WORK TASK >> Below, find the line containing "(тоже из Каталонии)" and the line containing "შავი ხალათი თავისუფალი"; reproduce exactly those two and every line between them, omitting pictures.

DATA FOR REVIEW >>
[Start of section]
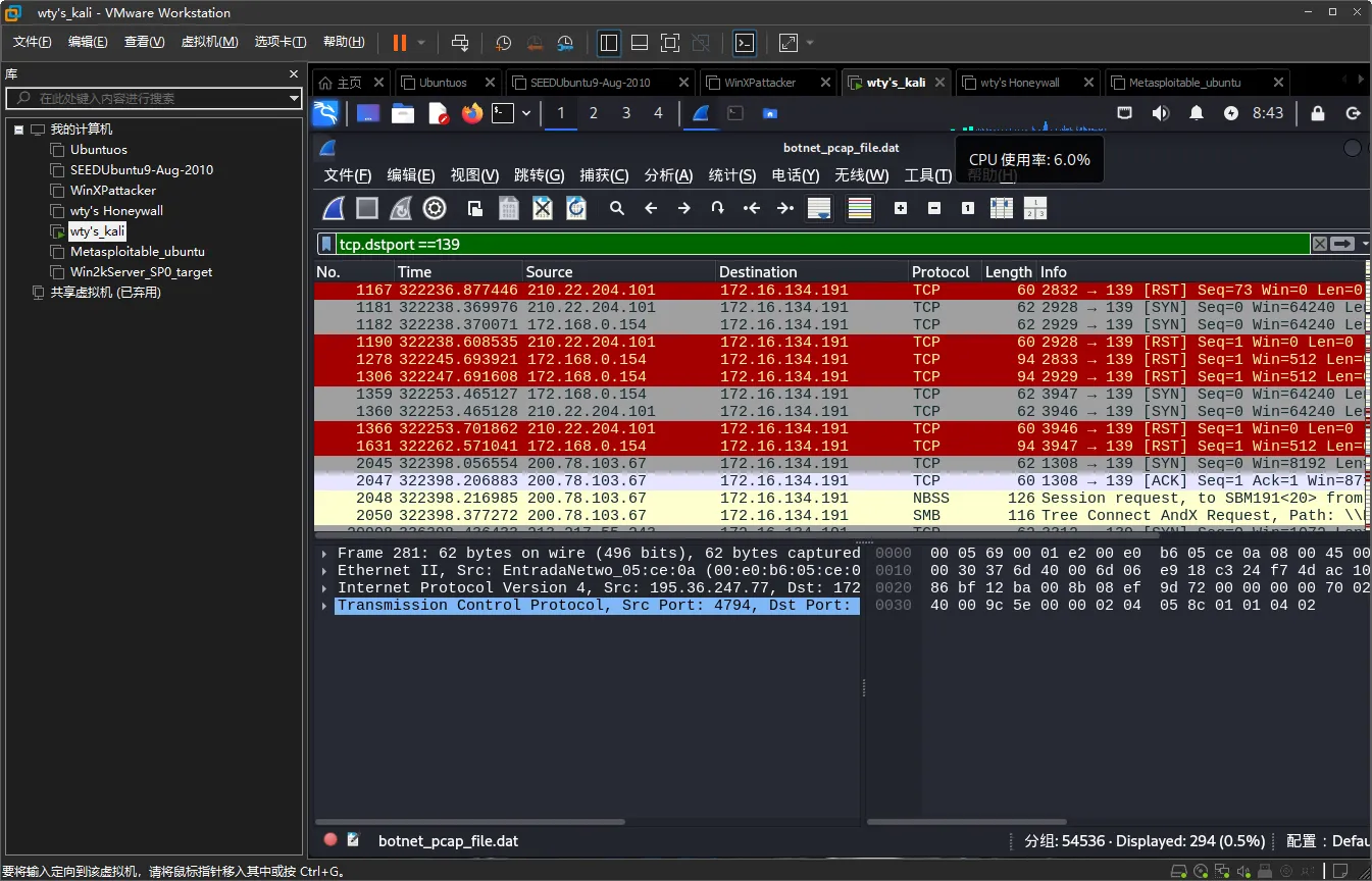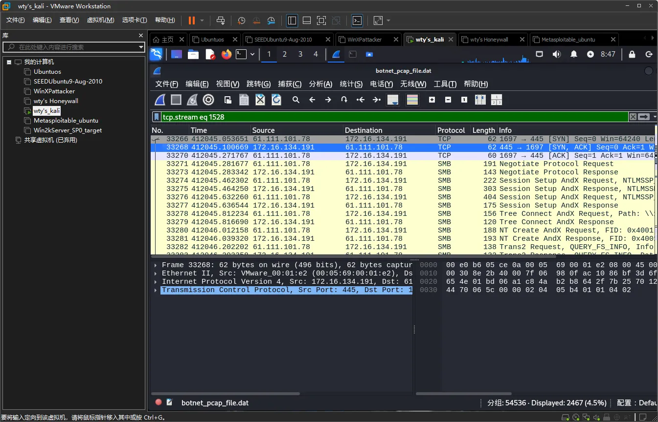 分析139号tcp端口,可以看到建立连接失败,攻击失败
[End of section]
[Start of section]
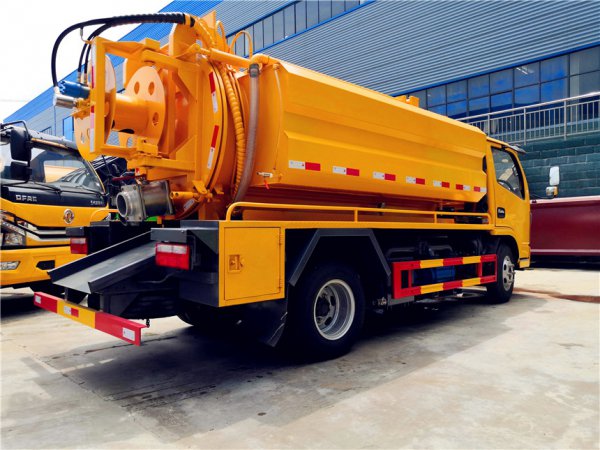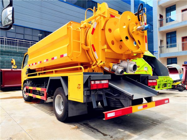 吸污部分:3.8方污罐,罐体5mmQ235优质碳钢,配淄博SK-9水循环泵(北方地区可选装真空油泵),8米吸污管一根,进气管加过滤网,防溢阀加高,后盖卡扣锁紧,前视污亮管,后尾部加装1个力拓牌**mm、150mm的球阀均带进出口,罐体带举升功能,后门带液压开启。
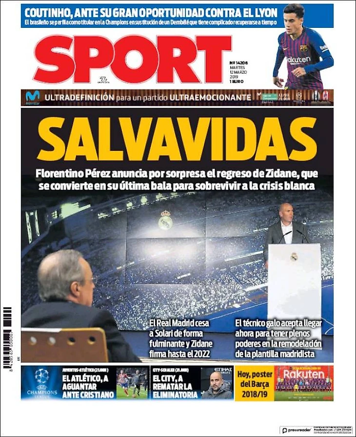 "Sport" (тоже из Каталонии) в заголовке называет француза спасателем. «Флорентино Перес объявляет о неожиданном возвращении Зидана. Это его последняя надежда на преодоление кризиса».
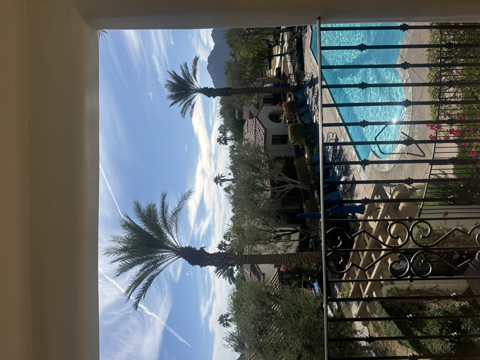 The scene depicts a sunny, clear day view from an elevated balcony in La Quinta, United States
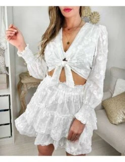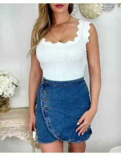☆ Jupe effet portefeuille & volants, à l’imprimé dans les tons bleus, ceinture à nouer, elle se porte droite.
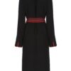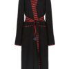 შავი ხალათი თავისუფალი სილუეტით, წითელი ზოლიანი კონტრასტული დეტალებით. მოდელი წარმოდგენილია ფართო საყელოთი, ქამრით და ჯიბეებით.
[End of section]
[Start of section]
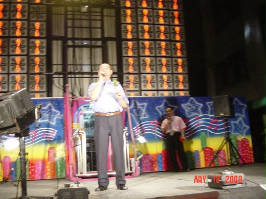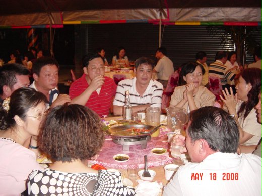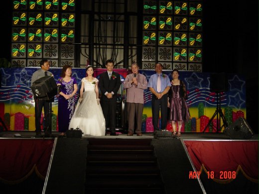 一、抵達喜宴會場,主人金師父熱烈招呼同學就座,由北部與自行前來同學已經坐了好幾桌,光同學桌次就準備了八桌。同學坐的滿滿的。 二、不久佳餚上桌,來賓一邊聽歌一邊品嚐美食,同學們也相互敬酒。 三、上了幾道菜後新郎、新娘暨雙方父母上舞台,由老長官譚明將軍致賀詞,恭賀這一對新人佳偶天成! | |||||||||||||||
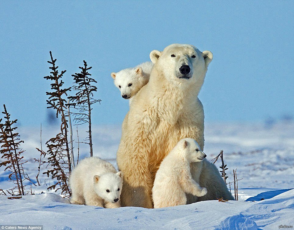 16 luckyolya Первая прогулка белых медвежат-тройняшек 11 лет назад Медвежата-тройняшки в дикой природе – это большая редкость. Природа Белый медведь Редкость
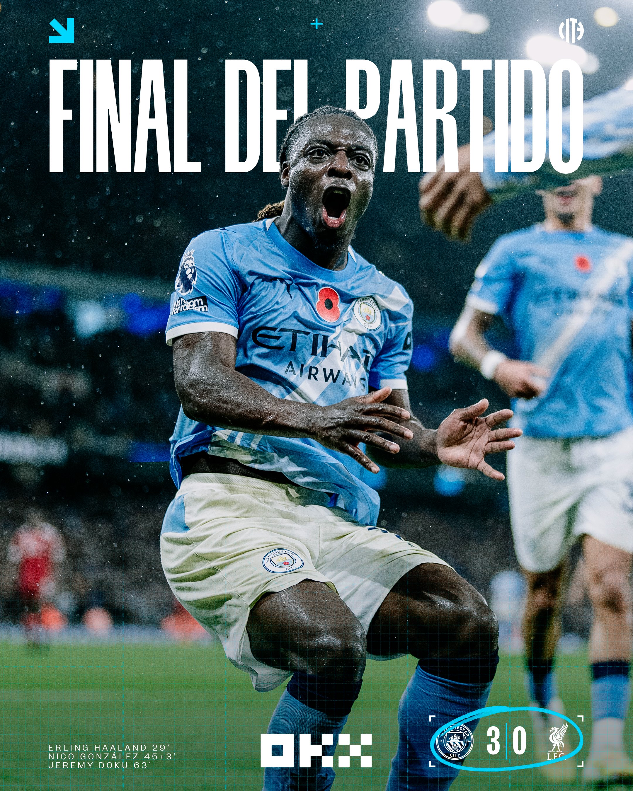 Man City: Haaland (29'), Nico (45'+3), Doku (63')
[End of section]
WRITTEN REPLY >>
 "Sport" (тоже из Каталонии) в заголовке называет француза спасателем. «Флорентино Перес объявляет о неожиданном возвращении Зидана. Это его последняя надежда на преодоление кризиса».
 The scene depicts a sunny, clear day view from an elevated balcony in La Quinta, United States
☆ Jupe effet portefeuille & volants, à l’imprimé dans les tons bleus, ceinture à nouer, elle se porte droite.
 შავი ხალათი თავისუფალი სილუეტით, წითელი ზოლიანი კონტრასტული დეტალებით. მოდელი წარმოდგენილია ფართო საყელოთი, ქამრით და ჯიბეებით.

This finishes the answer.